Development of drug resistance is one of the major obstacles to effective cancer treatment, and one of the leading causes of cancer-related deaths. Cancer cells develop resistance to a variety of anticancer therapeutics, including chemotherapy and targeted therapy agents. Identifying the molecular mechanisms of drug resistance and thereby increasing the effectiveness of drugs by targeting the identified molecules is crucial and will have a huge impact on improving patient outcome.

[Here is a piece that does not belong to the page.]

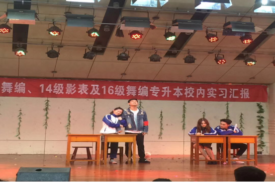 2017年10月,根据公司规划,公司举行2014级各专业及2016级音乐表演专升本校内实习周。10月9日晚,2014级舞蹈编导、影视表演专业在江欣、张卿2位老师的指导下,举行校内实习汇报晚会。晚会由同学们自编自导自演,小品、相声、舞蹈等节目穿插进行,形式多样,内容丰富多彩,音乐厅掌声不断,充分体现公司复合型人才培养成果,公司转型发展教学实践改革成效初显。
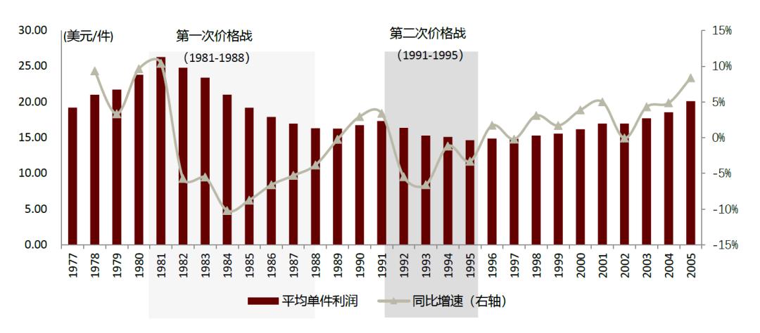 联邦快递从1975年成立开始到1995年,长达二十年的时间内,其规模效应体现的非常明显,单件收入从最初时的60美金以上的水平逐步下降至约15美金,此时FedEx的规模约为日均300万件,此后的近30年内,其价格已经基本上稳定,仅出现非常小幅的下降。

In the first project, which was funded by TÜBİTAK, Dr. Şahin and his team identified the molecular mechanisms of resistance against the drug trastuzumab-emtansine
(T-DM1). T-DM1 was approved by the US Food and Drug Administration (FDA) in 2013 and since then has been used in metastatic HER2-positive breast cancer patients, who constitute around 20 percent of all breast cancer patients. This study identified the protein polo-like kinase 1 (PLK1) as being upregulated in T-DM1 resistance and demonstrated that targeting PLK1 with a small- molecule inhibitor, volasertib, increases drug sensitivity.

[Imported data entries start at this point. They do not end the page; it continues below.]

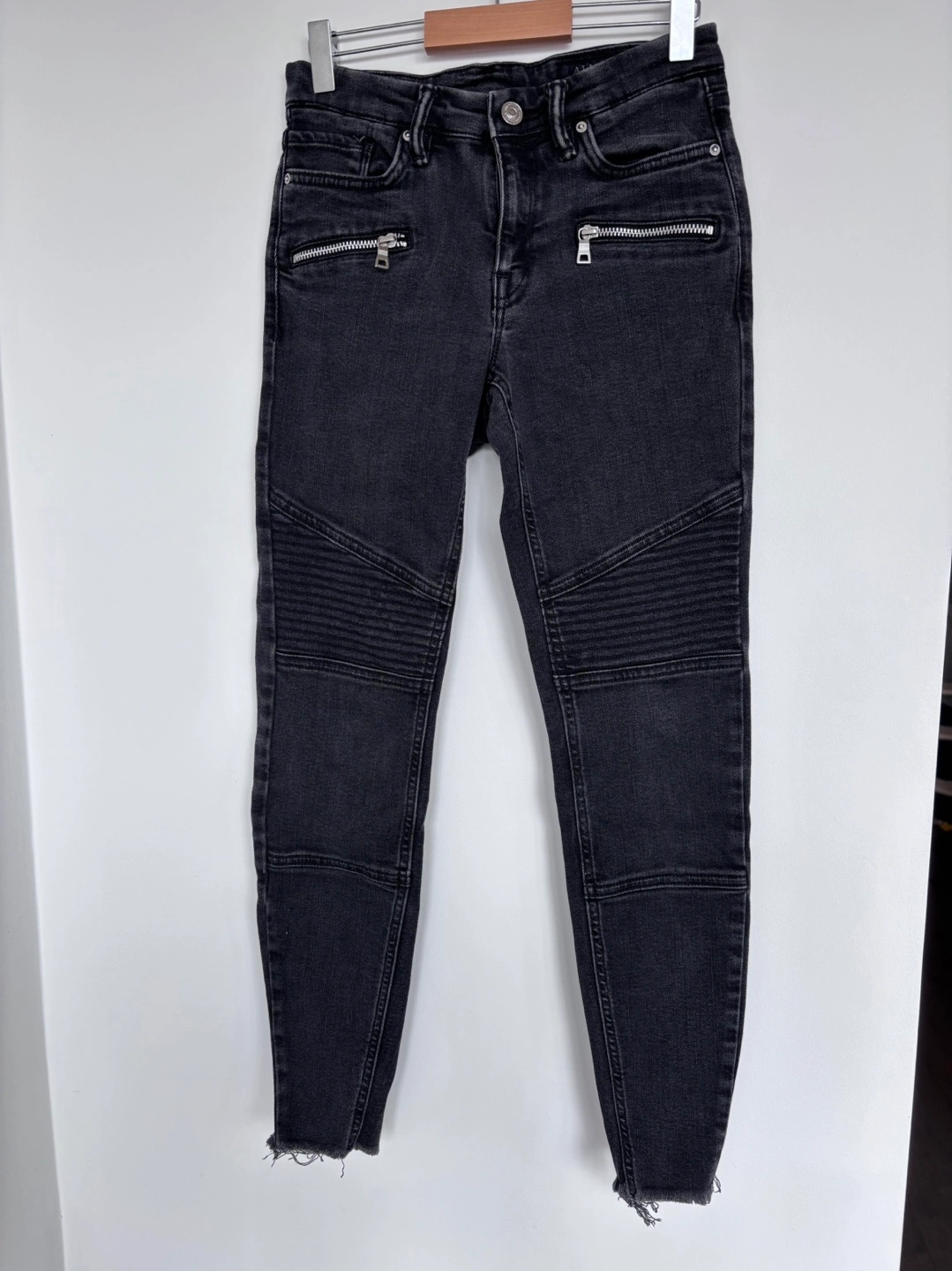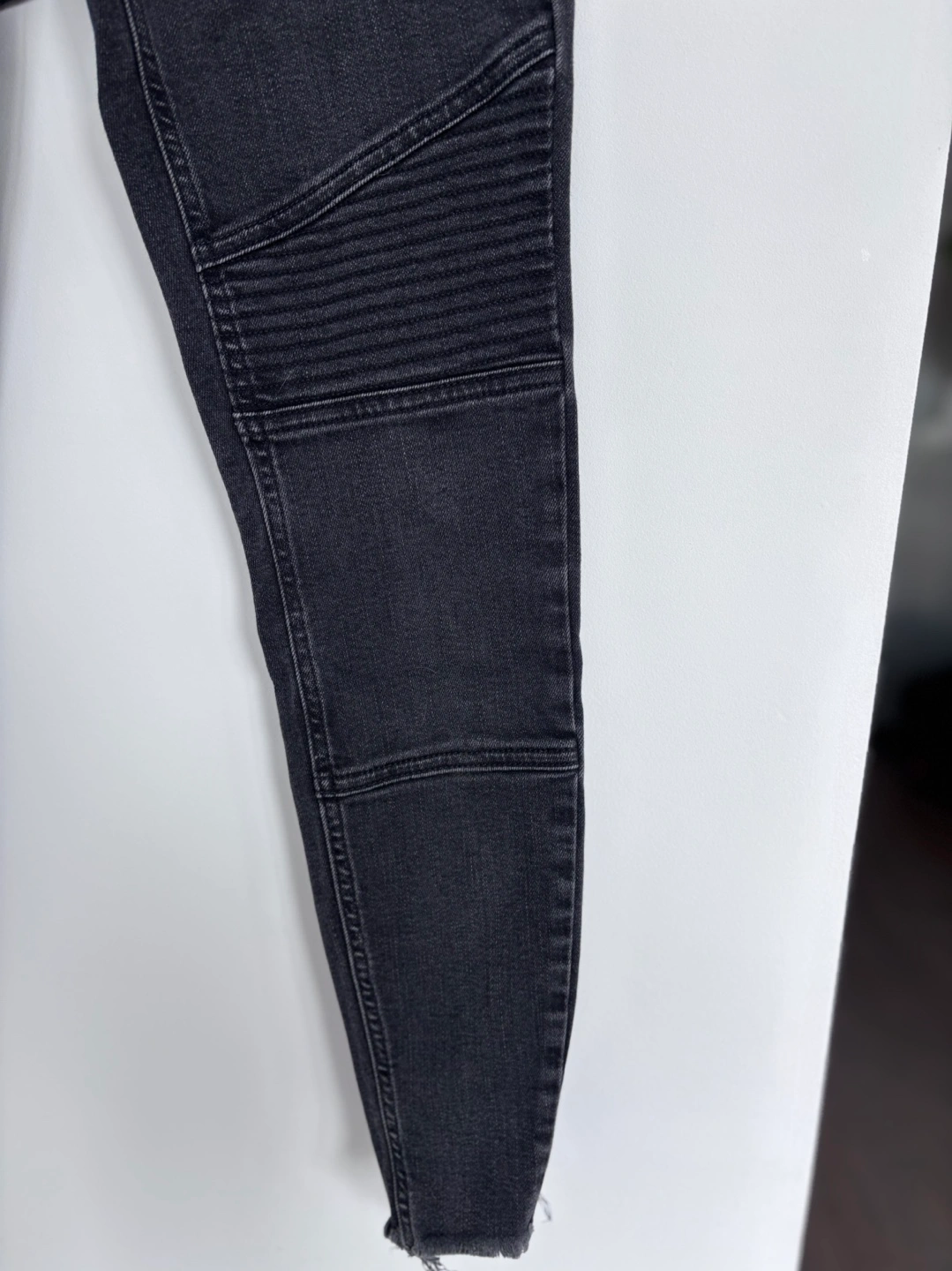 Women's dark grey moto jeans. Zipper detailing. Raw hem. Slim fit.
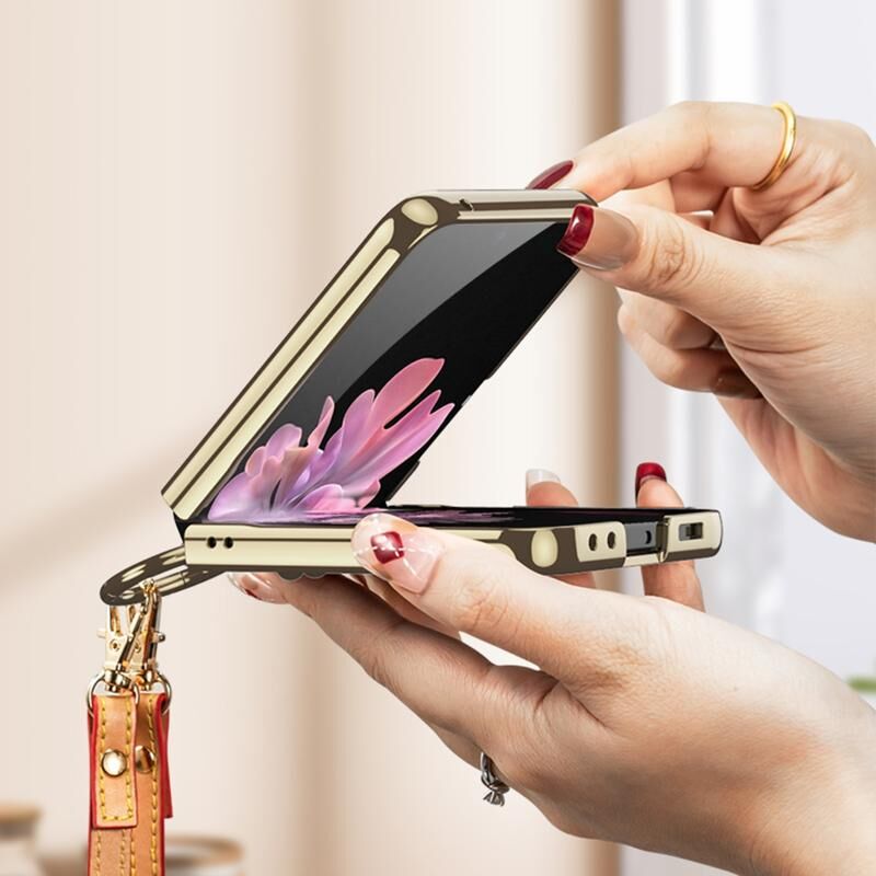 Για το Samsung Galaxy Z Flip6 GKK Ολοκληρωμένη θήκη τηλεφώνου από δέρμα με ηλεκτρολυτική επένδυση και δαχτυλίδι / λουράκι (μωβ) (GKK)
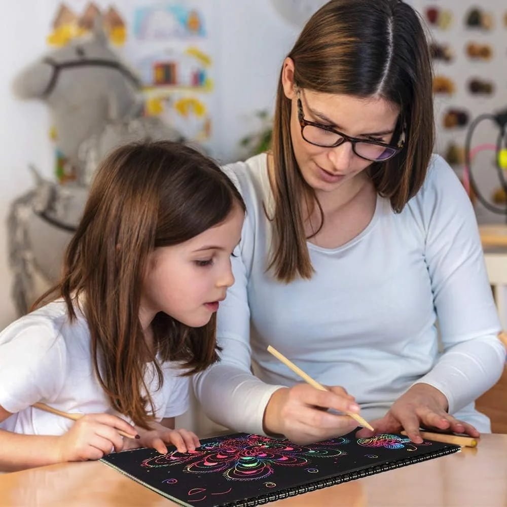 BSHAPPLUS 4 Pack Rainbow Scratch Paper Notes with painting stencils. Children can draw on paper and use wooden stylus to create their wonderful ideas, their creativity, intelligence and practical ability have been expanded. Of course, parents can also paint with babies and think together about how to draw an attractive painting, you and your kids can experience the fun of creation in this process. One of the most interesting ways for you to communicate with your kids. These stylus were made of wooden material, which is healthy and safe. The drawing paper is non-toxic, non-odor, tear-resistant, abrasion-resistant and does not fade in water. Do not need to worry about accidentally spilling water on the paper or accidentally tearing it anymore.

In the second project, which was funded by the European Molecular Biology Organization (EMBO), the researchers demonstrated that hyperactivation of the enzyme phosphodiesterase 4D, which is produced by the PDE4D gene, is responsible for resistance to tamoxifen. Tamoxifen has long been used to treat ER-positive breast cancer, which constitutes around 70 percent of all breast cancer cases. Targeting phosphodiesterase 4D with dipyridamole or aspirin enhanced tamoxifen response in cell-line and mouse models of tamoxifen-resistant ER-positive breast cancer. Interestingly, this study demonstrated that aspirin, a drug that has been used for over a century for various purposes, can overcome tamoxifen resistance and decrease tumor burden in ER-positive breast cancer.

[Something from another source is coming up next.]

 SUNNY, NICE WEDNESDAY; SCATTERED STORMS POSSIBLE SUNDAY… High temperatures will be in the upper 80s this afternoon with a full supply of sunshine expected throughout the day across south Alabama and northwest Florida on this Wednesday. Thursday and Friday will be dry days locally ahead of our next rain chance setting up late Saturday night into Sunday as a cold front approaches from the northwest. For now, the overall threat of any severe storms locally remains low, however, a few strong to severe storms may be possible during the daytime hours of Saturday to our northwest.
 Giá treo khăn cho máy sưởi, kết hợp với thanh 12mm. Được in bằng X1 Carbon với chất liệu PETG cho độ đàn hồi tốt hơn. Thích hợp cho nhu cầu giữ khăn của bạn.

These two preclinical studies have identified two important genes mediating drug resistance and paved the way toward testing drugs that are either being tested in clinical trials for other cancers (e.g., volasertib) or already approved by the FDA (e.g., aspirin) in clinics for treatment-refractory breast cancer subtypes in the near future.
Articles:
- Saatci Ö, Borgoni S, Akbulut O, Durmus S, Raza U, Eyupoglu E, Alkan C, Akyol A, Kutuk O, Wiemann S, Sahin O* (2018). Targeting PLK1 overcomes T-DM1 resistance via CDK1-dependent phosphorylation and inactivation of Bcl-2/xL in HER2-positive breast cancer. Oncogene. 10.1038/s41388-017-0108-9.
https://www.nature.com/articles/s41388-017-0108-9 - Mishra RR, Belder N, Ansari SA, Kayhan M, Bal H, Raza U, Ersan PG, Tokat UM, Eyüpoğlu E, Saatci Ö, Jandaghi P, Wiemann S, Üner A, Cekic C, Riazalhosseini Y, Sahin O*. Re-activation of cAMP pathway by PDE4D inhibition represents a novel druggable axis for overcoming tamoxifen resistance in ER-positive breast cancer. Clinical Cancer Research. 10.1158/1078-0432.CCR-17-2776.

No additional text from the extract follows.